» **Exercise requirements**
Look below for the line with "Negotiations with the village authorities" and the line with "Cross joint Hush"; repeat exactly those two lines and all lines between them, but no pictures.

*** Opening of Provided data ***

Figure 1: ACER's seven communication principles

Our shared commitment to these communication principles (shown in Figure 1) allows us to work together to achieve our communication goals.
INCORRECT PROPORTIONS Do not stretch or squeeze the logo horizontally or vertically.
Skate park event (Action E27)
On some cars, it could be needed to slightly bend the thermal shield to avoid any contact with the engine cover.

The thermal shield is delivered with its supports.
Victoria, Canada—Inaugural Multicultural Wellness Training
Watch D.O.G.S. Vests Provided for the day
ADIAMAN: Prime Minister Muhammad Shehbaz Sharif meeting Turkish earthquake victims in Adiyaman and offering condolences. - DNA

*** Close of Provided data ***
*** Opening of Provided data ***

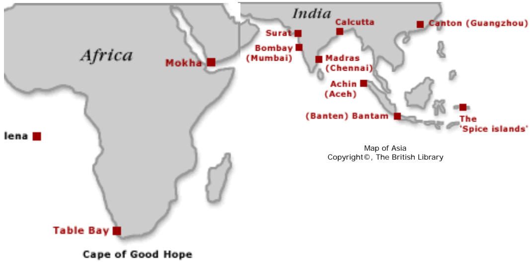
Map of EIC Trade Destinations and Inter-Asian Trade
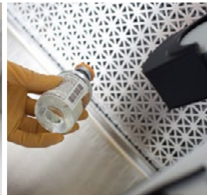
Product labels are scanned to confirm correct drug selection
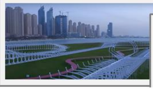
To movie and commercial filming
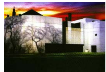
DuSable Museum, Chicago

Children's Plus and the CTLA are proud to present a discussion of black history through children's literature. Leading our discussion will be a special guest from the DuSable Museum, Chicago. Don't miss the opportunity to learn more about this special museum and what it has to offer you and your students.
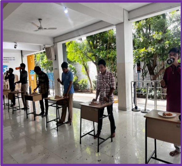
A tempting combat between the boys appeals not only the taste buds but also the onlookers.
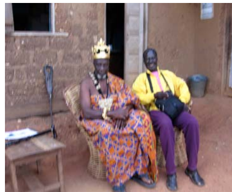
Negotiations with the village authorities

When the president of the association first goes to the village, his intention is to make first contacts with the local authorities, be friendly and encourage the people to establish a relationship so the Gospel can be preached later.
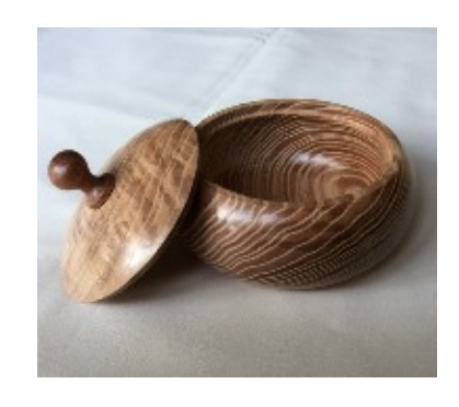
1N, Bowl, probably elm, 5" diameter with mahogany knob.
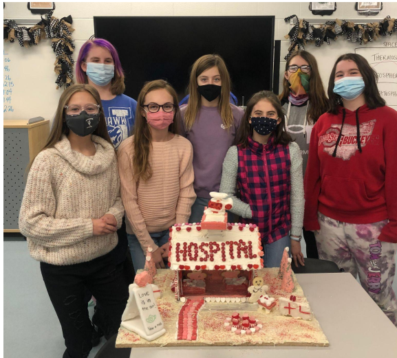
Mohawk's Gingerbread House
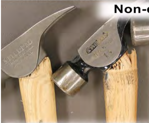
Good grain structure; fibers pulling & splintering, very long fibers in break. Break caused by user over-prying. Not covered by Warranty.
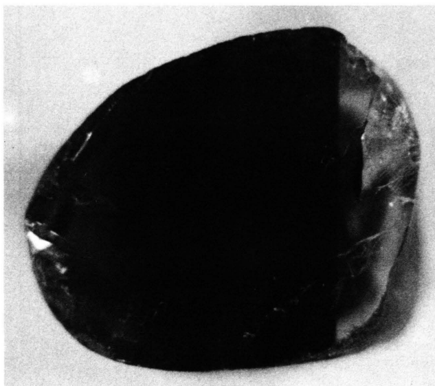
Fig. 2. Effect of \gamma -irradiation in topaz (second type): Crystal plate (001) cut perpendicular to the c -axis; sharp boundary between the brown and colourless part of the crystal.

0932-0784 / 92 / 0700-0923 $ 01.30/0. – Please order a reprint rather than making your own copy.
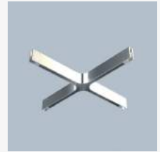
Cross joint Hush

*** Close of Provided data ***

» **Answer to this exercise**
Negotiations with the village authorities

When the president of the association first goes to the village, his intention is to make first contacts with the local authorities, be friendly and encourage the people to establish a relationship so the Gospel can be preached later.
1N, Bowl, probably elm, 5" diameter with mahogany knob.
Mohawk's Gingerbread House
Good grain structure; fibers pulling & splintering, very long fibers in break. Break caused by user over-prying. Not covered by Warranty.
Fig. 2. Effect of \gamma -irradiation in topaz (second type): Crystal plate (001) cut perpendicular to the c -axis; sharp boundary between the brown and colourless part of the crystal.

0932-0784 / 92 / 0700-0923 $ 01.30/0. – Please order a reprint rather than making your own copy.
Cross joint Hush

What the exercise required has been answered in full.